Which lines run from the one with "Вертикальный кабельрост DDMC200H55/3" through the end of the data? Retype them exactly, without pictures.

Collected data:
************

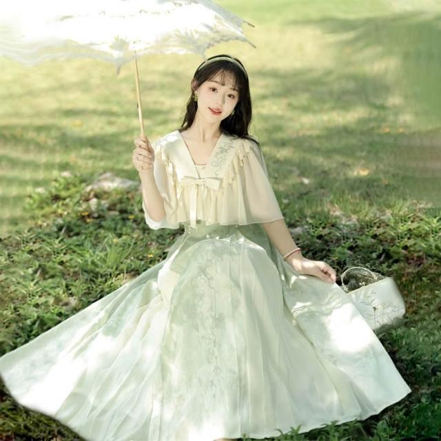免運2026倚夢閣原創青提詩中國風改良漢元素女外披吊帶裙套裝9069
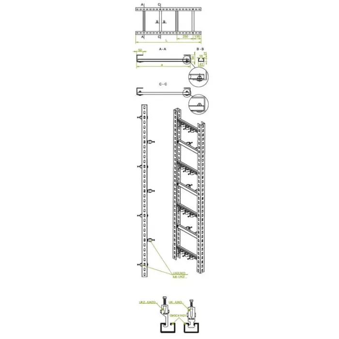 Вертикальный кабельрост DDMC200H55/3 403320 DKC
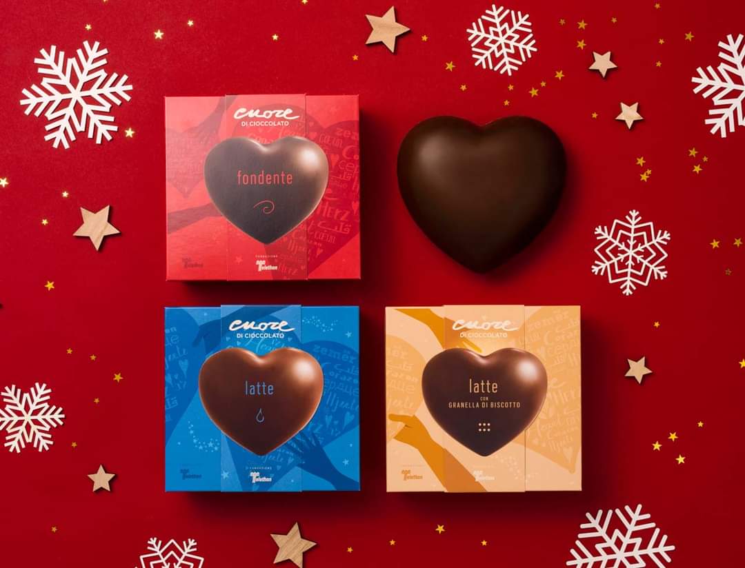 Con una donazione minima di 12 euro si potrà ricevere un “Cuore di cioccolato”: fondente, al latte o alla granella di biscotto.

************

Answer section:
 Вертикальный кабельрост DDMC200H55/3 403320 DKC
 Con una donazione minima di 12 euro si potrà ricevere un “Cuore di cioccolato”: fondente, al latte o alla granella di biscotto.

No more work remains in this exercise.